It came upon us suddenly. The thought that we would be locked in our homes was almost laughable. Israelis? We, who get up before the plane lands and survive every calamity?
Soon we were told, like the rest of the world, to stay home and keep safe. At first, I was hyperactive. I walked, shopped, did online classes, organized Zoom meetings (who had ever heard of that before?), created and posted funny videos, and cleaned the house well before Passover.
Now what? Finally learn the piano? Brush up on my Hebrew? Walk the dog again? Clean what is already spotless? There is an atmosphere here in Israel, similar to that of a war or a Shabbat. Few cars are on the street as there is no place to go. Buses run, careening around corners with no passengers.
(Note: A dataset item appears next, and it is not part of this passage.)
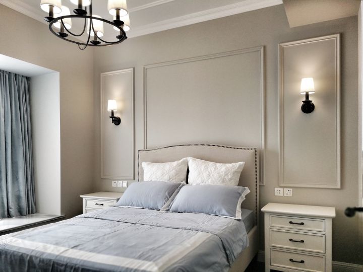 臥室采光十分好,沒有大量裝飾。壁燈簡約輕容,床頭柜也十分的簡單。優(yōu)雅的灰色給人安靜祥和的氛圍。

There are no eggs on the shelves in the stores. Nobody understands why. And, for the first time in as many years as I can remember, we are not alone. We, like the rest of the world, are stunned and helpless in the face of this crippling pandemic. Nevertheless, in the midst of it, beautiful things are beginning to happen.
Neighbors are getting to know each other. Last week I gave out some fresh flowers, and one neighbor gave me just-picked lemons from her tree. We accomplished this from the requisite distance of two meters. We met some other neighbors on our nightly walks. We liked them and promised to visit when we could.
Food banks, prayer chains, Zoom groups, concerts, and virtual birthday parties abound. All are evident and springing up like the dazzling seasonal flowers. We may be isolated, but we are not alone. Instead, there is an outpouring of caring and love. Everywhere, people are realizing they are human beings and not human doings.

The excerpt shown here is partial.